A wealthy Chinese businessman recently paid $US1.5 million ($1.7 million) to a British luxury travel website for a tour package that will take him to nearly 1000 UNESCO World Heritage sites during the next two years. Meanwhile, his son bought his second Piaget watch (a Piaget Emperador retails for $23,000) and also signed up to dive with hammerhead sharks, according to a 2013 Luxury Society newsletter.
The story of this Chinese businessman’s family is part of broader seismic shift in the global luxury goods industry. Worldwide, luxury is shifting rapidly from ‘having’ to ‘being’ – that is, consumers are moving from owning a luxury product to experiencing a luxury, according to Boston Consulting Group’s report Shock of the new chic: dealing with new complexity in the business of luxury.
The business of luxury experiences such as dining at Michelin restaurants or African Safari hunting trips is growing faster than the traditional luxury business of selling branded clothes, watches, cosmetics and jewellery. Spending on luxury experiences accounts for more than half of the estimated $1.8 trillion revenue in the industry.
Sarah Willersdorf, a principal at the BCG’s New York office, told Business Spectator that changing demographics was one of the key factors behind the shift in the luxury industry.
“It is basically the ageing consumers,” Willersdorf says. “Baby boomers who really drove that first wave are now in their sixties, so they already have all the watches and bags they need and they are spending more and more on vacations, meals and experiences. Chinese consumers are not that far behind.”
BCG’s 2013 Global Consumer Sentiment Survey reveals that nearly 30 per cent of Chinese consumers prefer enriching experiences over products. In comparison, more than half of American consumers value experiences over goods.
This reflects a natural progression in buying habits. Newly affluent consumers like to buy branded goods to show off their status. Once they have bought all these tangible goods they want to have unique experiences.
Australian tourism operators and promotion agencies should be prepared to take advantage of this shifting trend in the global luxury industry. This country has a unique natural beauty and gastronomic culture that should be on the radar of global luxury travellers.

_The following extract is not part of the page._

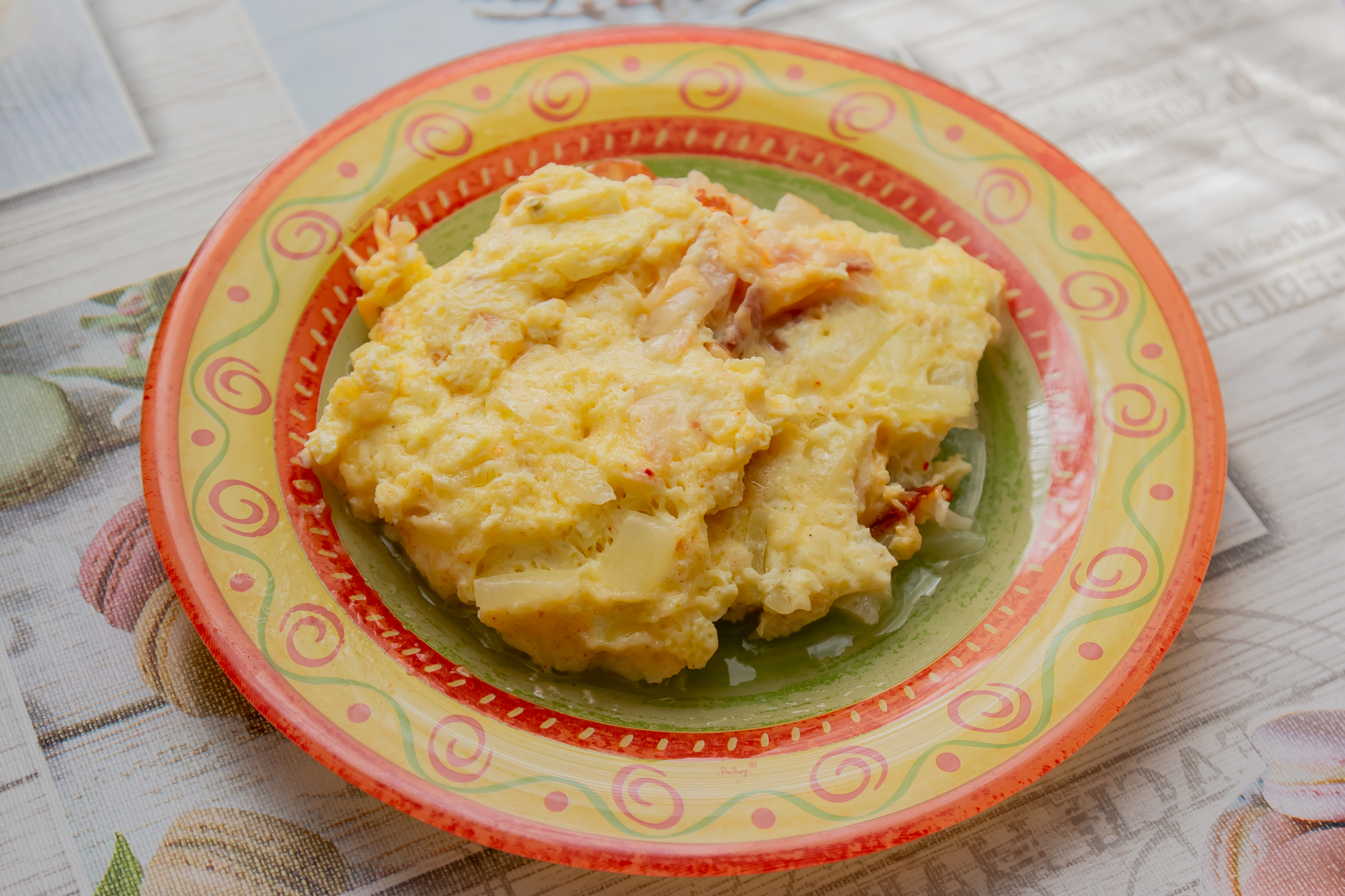 Смешать мелко покрошенный бекон, сыр и лук. Положить их на сковороду. Разбить яйца и смешать их с молоком и специями с помощью миксера. Полученную смесь вылить на бекон. Жарить до готовности.

Melbourne and Sydney have emerged as two top global luxury shopping cities thanks to burgeoning local wealth and the ever-increasing number of Chinese tourists who typically spend 40 per cent of their travel budget on shopping.
China is about to become the world’s largest exporter of tourists and they are already the world’s largest group of tax-free shoppers. By the end of this decade, Chinese tourists will constitute 30 per cent of all tourists in Sydney, Melbourne and Japan; 10 per cent in the US; and 50 per cent in South Korea.
As the former executive of Tourism Australia, Andrew McEvoy, said: “China is our fastest growing and highest yielding market. So the idea of cheap and cheerful Chinese is wrong. China will be a one million person and $10 billion market for Australia by 2020.”
Willersdorf says it is important for Australian businesses to undertake more marketing activities in China to raise their brand awareness, as the majority of Chinese shoppers decide what they are going to buy before they leave their home country.
“They could benefit from really trying to build a brand and market more to the Chinese consumers in their own country before they even get on the plane,” she says.
As we are looking for new drivers to boost our slowing economy after the end of mining boom, it is imperative the government and businesses take advantage of this shifting trend in the global luxury travel industry.